:: ASSIGNMENT ::
Everything in the listing below should be repeated verbatim, apart from the pictures.

:: DATA PROVIDED ::
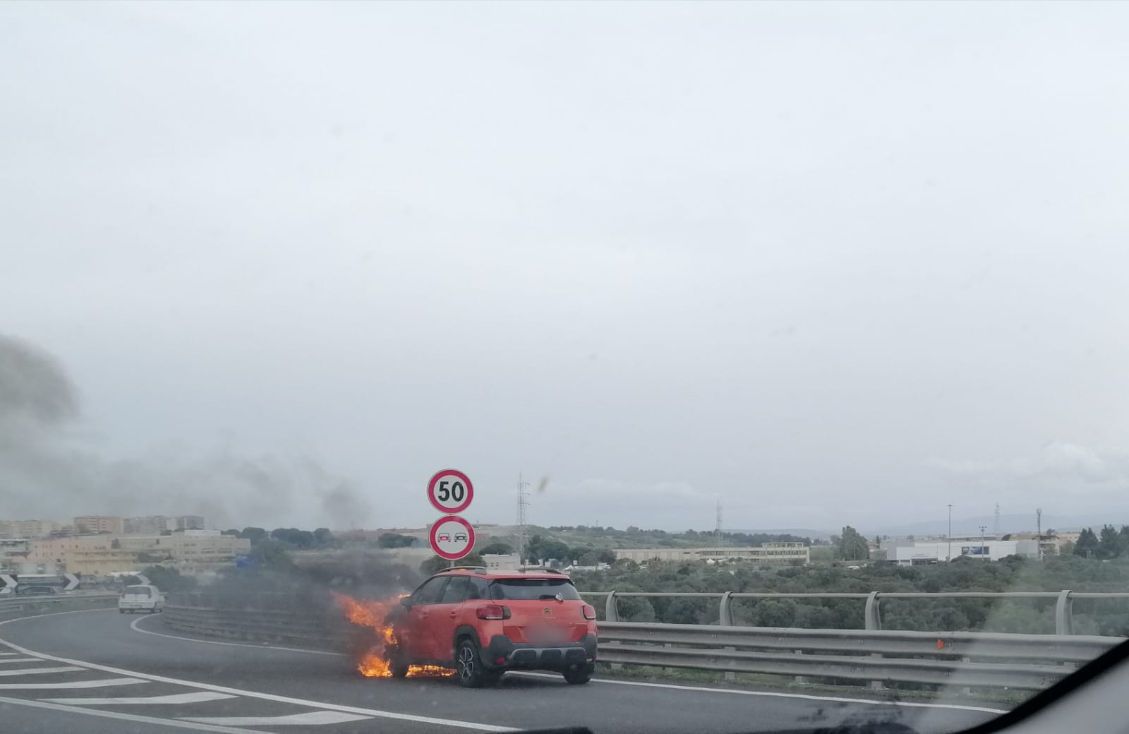 Paura sulla strada statale 131, all’altezza dello svincolo per Elmas e Sestu. Una Citroen rossa ha preso fuoco nella parte anteriore, e le fiamme sono già molto estese. A lanciare l’allarme al 115 numerosi automobilisti: in azione i Vigili del fuoco del comando provinciale di Cagliari. Al momento non si registrano feriti.
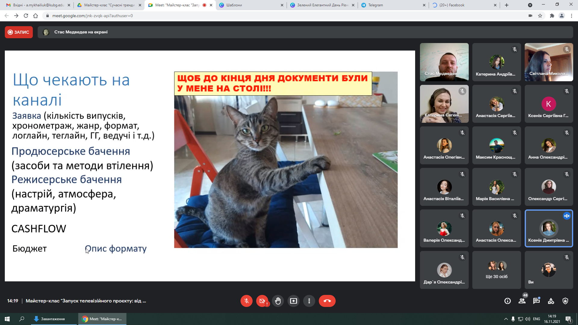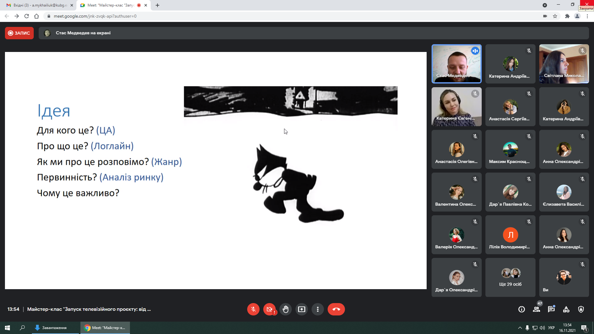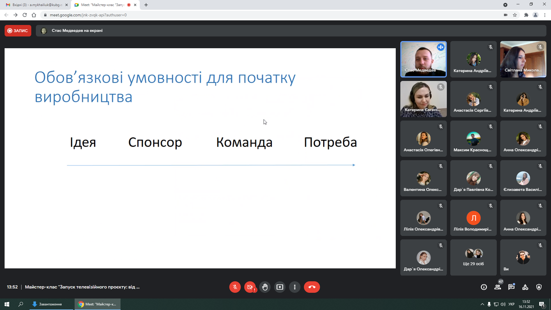 16 листопада 2021 р. відбувся майстер-клас на тему “Запуск телевізійного проєкту: від задуму до реалізації”. Його провів виконавчий продюсер розважального напряму, “UA” Суспільне медіа – Станіслав Мєдвєдєв
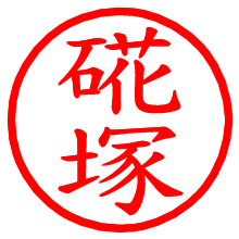 [朱肉の色]を選び、入力窓に“硴塚”と入力して[生成]ボタンを押すと、印影が更新され、リンクから電子印鑑(デジタル印影)がダウンロードできます。 電子印鑑「硴塚」の作り方文字表示が変なときや、文字バランスが悪いときは[字形切替]のチェックボックスでON/OFFを切り替え[生成]しなおしてください。 生成される画像は通常の印影「硴塚.png」と、にじみを表現した少し太めの印影「硴塚B.png」の背面透過PNG形式2種と、鮮明なPDF形式の印影「硴塚.pdf」の計3種類です。 朱肉の微妙な色の違いを7色で表現しました。デフォルト(左端)は、JISが定めた朱肉の色のマンセル値(7.5R 5/14)をRGB値(217,66,54)に変換したものになっています。 「電子透かし」にチェックを入れて[生成]ボタンを押すと、タイムスタンプを電子透かしとして埋め込んだセキュアな電子印鑑が作れます。詳細は別ページの「タイムスタンプと電子透かし」でご覧ください。 硴塚さんの日付印が作れます。「日付スタンプメーカー」は、社内向けの書類に利用されることの多い日付印(データ印)が無料で作れるWebアプリケーションです。中段に日付が入り、上段と下段は、ともに8文字まで文字が入ります。 ![]() 古代文字で落款印が作れます。「落款スタンプメーカー」で作品を引き立たせる落款印が作れます。
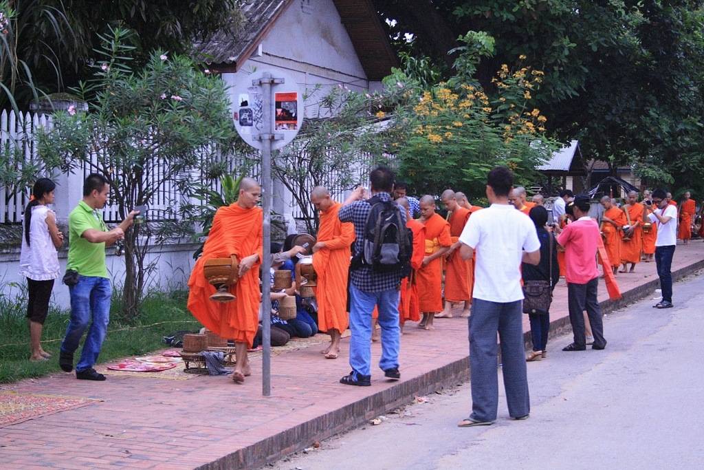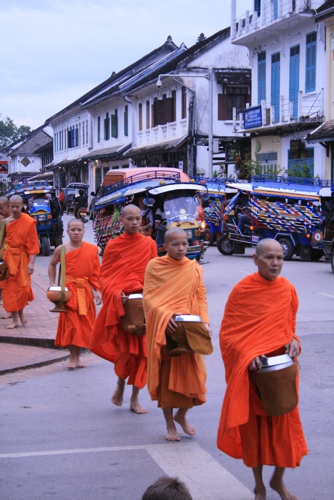 The following morning, we awoke at 5.45am to witness the Buddhist monks receiving alms – an age old tradition where the monks receive their daily food offers from the local residents. We had mixed feelings about witnessing the ceremony, as rampant group tourism in Lao had converted the deeply religious ceremony to a garish tourist side show. Despite many warnings around town we found large groups of Asian tourists taking intrusive picture, following the monks in TukTuk’s and resort electric carts and generally disturbing the tranquility of a peaceful daily event. I had taken a few photos from a distance but soon put my camera away – disgusted at the bastardisation of this symbolic event. Similarly, westerners joined in the offering, buying low grade rice and cakes advertised as ‘pre made alms packages’ from persistent hawkers on the side lines for highly inflated tourist prices.
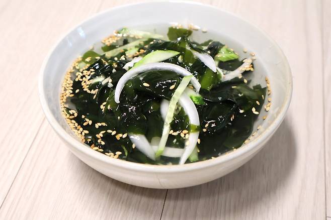 마지막으로 통깨만 솔솔 뿌리면 미역오이냉국 끝!!! 냉장고에서 시원하게 보관했다 먹어도 좋고요. 얼음 동동 띄우면 더 시원하고 개운해요.
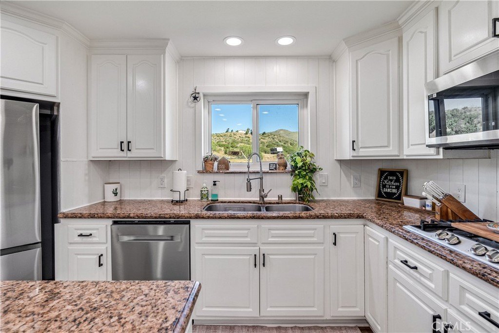 Serene 4 Bed 2 Bath Acton Home with Stunning Panoramic Views! Looking for the comfort of country living with a modern aesthetic? Look no further than this beautiful 2,193sqft home sitting on 4.95 acres and million dollar views! Entering the home, you are greeted with an open floor plan & the perfect balance of comfort and elegance with recessed lighting, beautiful flooring and the grand bay window with seating. You could spend hours seated at this window, soaking in the breathtaking views, letting stress melt away, and that is just the beginning of the comforts this home has to offer. The large living room abounds w/versatility and space for large family gatherings. Inconspicuously placed between the living room and kitchen, you will find the laundry w/tons of storage and access to your back yard. Adjacent to the living room, enjoy a cozy family room w/stunning brick fireplace and room for a pair of club chairs and couch for the family to curl up and enjoy a good read. From this comforting space, there are open sightlines to the cheerful, efficient kitchen that offers ample storage, large center island, beautiful countertops, double ovens & great view of your property. Just off the kitchen is another great space offering the opportunity for dining or bonus space w/built in shelving, storage & access to the back yard. Positioned just off the family room is a short hall that guides you the first sizable bedroom on your right, the second large bedroom on the left, at the end of the hall the third bedroom and beautiful shared bathroom w/elegant fixtures and calming tones. Rounding out the bedrooms is the primary suite w/dual closets, elegant bath w/dual sinks and large walk in shower. Outside, bask in the beautiful surroundings & endless possibilities for your 5 acres. Have horses? Need an ADU? Want to put in a Pool? Yes, yes and yes, the world is your oyster. You will also enjoy the benefits of county water, leased solar and the beauty of Acton country life
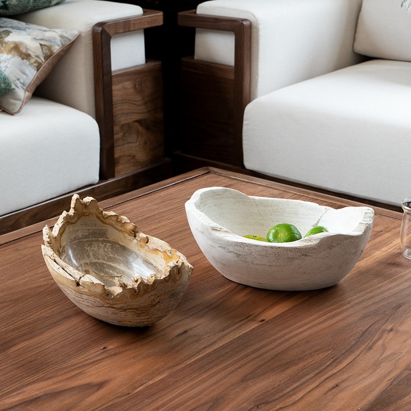 欧式现代轻奢木化石托盘北欧收纳盘水果盘酒店别墅客厅样板房摆件
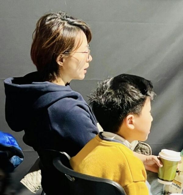 离开央视后,2024年董卿被拍到带着10岁儿子看展,此时她又换了一副窄框眼镜。
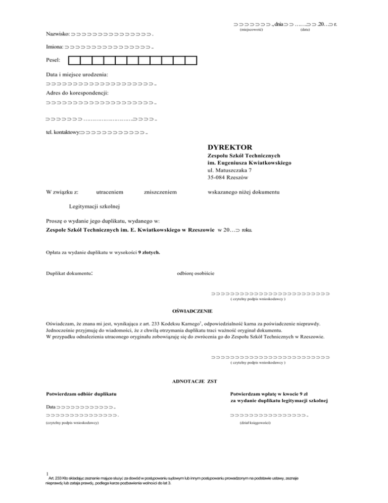 …………………., dnia ………….…….20……r. (miejscowość) Nazwisko: ………………………………………. (data) Imiona: ………………………………………….. Pesel: Data i miejsce urodzenia: …………………………………………………….. Adres do korespondencji: …………………………………………………….. ………………………………………….………….. tel. kontaktowy:……………………………….. DYREKTOR Zespołu Szkół Technicznych im. Eugeniusza Kwiatkowskiego ul. Matuszczaka 7 35-084 Rzeszów W związku z: utraceniem zniszczeniem wskazanego niżej dokumentu Legitymacji szkolnej Proszę o wydanie jego duplikatu, wydanego w: Zespole Szkół Technicznych im. E. Kwiatkowskiego w Rzeszowie w 20…… roku. Opłata za wydanie duplikatu w wysokości 9 złotych. Duplikat dokumentu: odbiorę osobiście ………………………………………………………………… ( czytelny podpis wnioskodawcy ) OŚWIADCZENIE Oświadczam, że znana mi jest, wynikająca z art. 233 Kodeksu Karnego1, odpowiedzialność karna za poświadczenie nieprawdy. Jednocześnie przyjmuję do wiadomości, że z chwilą otrzymania duplikatu traci ważność oryginał dokumentu. W przypadku odnalezienia utraconego oryginału zobowiązuję się do zwrócenia go do Zespołu Szkół Technicznych w Rzeszowie. ………………………………………………………………… ( czytelny podpis wnioskodawcy ) ADNOTACJE ZST Potwierdzam odbiór duplikatu Potwierdzam wpłatę w kwocie 9 zł za wydanie duplikatu legitymacji szkolnej Data ……………………………….. ………………………………………. (czytelny podpis wnioskodawcy) ………………………………………….. (dział księgowości) 1 Art. 233 Kto składając zeznanie mające służyć za dowód w postępowaniu sądowym lub innym postępowaniu prowadzonym na podstawie ustawy, zeznaje nieprawdę lub zataja prawdę, podlega karze pozbawienia wolności do lat 3.
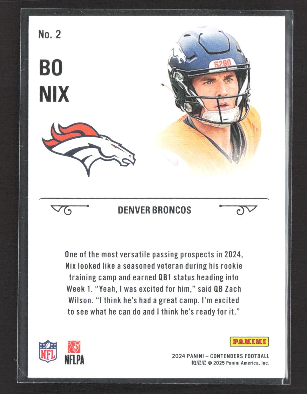 2024 Panini Contenders Rc Stallions Bo Nix #2 (RC)
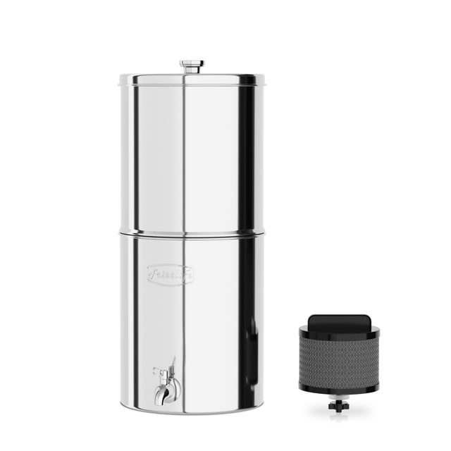 【ENJOY INSTANT CLEAN WATER WITHOUT POWER】-The Frizzlife G210-STANDARD is a gravity water filtration system that filters clean water. Simply pour water into the top, and let the Frizzlife filter and gravity do the rest. This system does not require electricity. It consistently delivers clean and delicious water for parties, camping, yard work, RV trips, or emergency situations. It meets your needs in any scenario

:: ANSWER TO THE PROBLEM ::
 Paura sulla strada statale 131, all’altezza dello svincolo per Elmas e Sestu. Una Citroen rossa ha preso fuoco nella parte anteriore, e le fiamme sono già molto estese. A lanciare l’allarme al 115 numerosi automobilisti: in azione i Vigili del fuoco del comando provinciale di Cagliari. Al momento non si registrano feriti.
 16 листопада 2021 р. відбувся майстер-клас на тему “Запуск телевізійного проєкту: від задуму до реалізації”. Його провів виконавчий продюсер розважального напряму, “UA” Суспільне медіа – Станіслав Мєдвєдєв
 [朱肉の色]を選び、入力窓に“硴塚”と入力して[生成]ボタンを押すと、印影が更新され、リンクから電子印鑑(デジタル印影)がダウンロードできます。 電子印鑑「硴塚」の作り方文字表示が変なときや、文字バランスが悪いときは[字形切替]のチェックボックスでON/OFFを切り替え[生成]しなおしてください。 生成される画像は通常の印影「硴塚.png」と、にじみを表現した少し太めの印影「硴塚B.png」の背面透過PNG形式2種と、鮮明なPDF形式の印影「硴塚.pdf」の計3種類です。 朱肉の微妙な色の違いを7色で表現しました。デフォルト(左端)は、JISが定めた朱肉の色のマンセル値(7.5R 5/14)をRGB値(217,66,54)に変換したものになっています。 「電子透かし」にチェックを入れて[生成]ボタンを押すと、タイムスタンプを電子透かしとして埋め込んだセキュアな電子印鑑が作れます。詳細は別ページの「タイムスタンプと電子透かし」でご覧ください。 硴塚さんの日付印が作れます。「日付スタンプメーカー」は、社内向けの書類に利用されることの多い日付印(データ印)が無料で作れるWebアプリケーションです。中段に日付が入り、上段と下段は、ともに8文字まで文字が入ります。 ![]() 古代文字で落款印が作れます。「落款スタンプメーカー」で作品を引き立たせる落款印が作れます。
 The following morning, we awoke at 5.45am to witness the Buddhist monks receiving alms – an age old tradition where the monks receive their daily food offers from the local residents. We had mixed feelings about witnessing the ceremony, as rampant group tourism in Lao had converted the deeply religious ceremony to a garish tourist side show. Despite many warnings around town we found large groups of Asian tourists taking intrusive picture, following the monks in TukTuk’s and resort electric carts and generally disturbing the tranquility of a peaceful daily event. I had taken a few photos from a distance but soon put my camera away – disgusted at the bastardisation of this symbolic event. Similarly, westerners joined in the offering, buying low grade rice and cakes advertised as ‘pre made alms packages’ from persistent hawkers on the side lines for highly inflated tourist prices.
 마지막으로 통깨만 솔솔 뿌리면 미역오이냉국 끝!!! 냉장고에서 시원하게 보관했다 먹어도 좋고요. 얼음 동동 띄우면 더 시원하고 개운해요.
 Serene 4 Bed 2 Bath Acton Home with Stunning Panoramic Views! Looking for the comfort of country living with a modern aesthetic? Look no further than this beautiful 2,193sqft home sitting on 4.95 acres and million dollar views! Entering the home, you are greeted with an open floor plan & the perfect balance of comfort and elegance with recessed lighting, beautiful flooring and the grand bay window with seating. You could spend hours seated at this window, soaking in the breathtaking views, letting stress melt away, and that is just the beginning of the comforts this home has to offer. The large living room abounds w/versatility and space for large family gatherings. Inconspicuously placed between the living room and kitchen, you will find the laundry w/tons of storage and access to your back yard. Adjacent to the living room, enjoy a cozy family room w/stunning brick fireplace and room for a pair of club chairs and couch for the family to curl up and enjoy a good read. From this comforting space, there are open sightlines to the cheerful, efficient kitchen that offers ample storage, large center island, beautiful countertops, double ovens & great view of your property. Just off the kitchen is another great space offering the opportunity for dining or bonus space w/built in shelving, storage & access to the back yard. Positioned just off the family room is a short hall that guides you the first sizable bedroom on your right, the second large bedroom on the left, at the end of the hall the third bedroom and beautiful shared bathroom w/elegant fixtures and calming tones. Rounding out the bedrooms is the primary suite w/dual closets, elegant bath w/dual sinks and large walk in shower. Outside, bask in the beautiful surroundings & endless possibilities for your 5 acres. Have horses? Need an ADU? Want to put in a Pool? Yes, yes and yes, the world is your oyster. You will also enjoy the benefits of county water, leased solar and the beauty of Acton country life
 欧式现代轻奢木化石托盘北欧收纳盘水果盘酒店别墅客厅样板房摆件
 离开央视后,2024年董卿被拍到带着10岁儿子看展,此时她又换了一副窄框眼镜。
 …………………., dnia ………….…….20……r. (miejscowość) Nazwisko: ………………………………………. (data) Imiona: ………………………………………….. Pesel: Data i miejsce urodzenia: …………………………………………………….. Adres do korespondencji: …………………………………………………….. ………………………………………….………….. tel. kontaktowy:……………………………….. DYREKTOR Zespołu Szkół Technicznych im. Eugeniusza Kwiatkowskiego ul. Matuszczaka 7 35-084 Rzeszów W związku z: utraceniem zniszczeniem wskazanego niżej dokumentu Legitymacji szkolnej Proszę o wydanie jego duplikatu, wydanego w: Zespole Szkół Technicznych im. E. Kwiatkowskiego w Rzeszowie w 20…… roku. Opłata za wydanie duplikatu w wysokości 9 złotych. Duplikat dokumentu: odbiorę osobiście ………………………………………………………………… ( czytelny podpis wnioskodawcy ) OŚWIADCZENIE Oświadczam, że znana mi jest, wynikająca z art. 233 Kodeksu Karnego1, odpowiedzialność karna za poświadczenie nieprawdy. Jednocześnie przyjmuję do wiadomości, że z chwilą otrzymania duplikatu traci ważność oryginał dokumentu. W przypadku odnalezienia utraconego oryginału zobowiązuję się do zwrócenia go do Zespołu Szkół Technicznych w Rzeszowie. ………………………………………………………………… ( czytelny podpis wnioskodawcy ) ADNOTACJE ZST Potwierdzam odbiór duplikatu Potwierdzam wpłatę w kwocie 9 zł za wydanie duplikatu legitymacji szkolnej Data ……………………………….. ………………………………………. (czytelny podpis wnioskodawcy) ………………………………………….. (dział księgowości) 1 Art. 233 Kto składając zeznanie mające służyć za dowód w postępowaniu sądowym lub innym postępowaniu prowadzonym na podstawie ustawy, zeznaje nieprawdę lub zataja prawdę, podlega karze pozbawienia wolności do lat 3.
 2024 Panini Contenders Rc Stallions Bo Nix #2 (RC)
 【ENJOY INSTANT CLEAN WATER WITHOUT POWER】-The Frizzlife G210-STANDARD is a gravity water filtration system that filters clean water. Simply pour water into the top, and let the Frizzlife filter and gravity do the rest. This system does not require electricity. It consistently delivers clean and delicious water for parties, camping, yard work, RV trips, or emergency situations. It meets your needs in any scenario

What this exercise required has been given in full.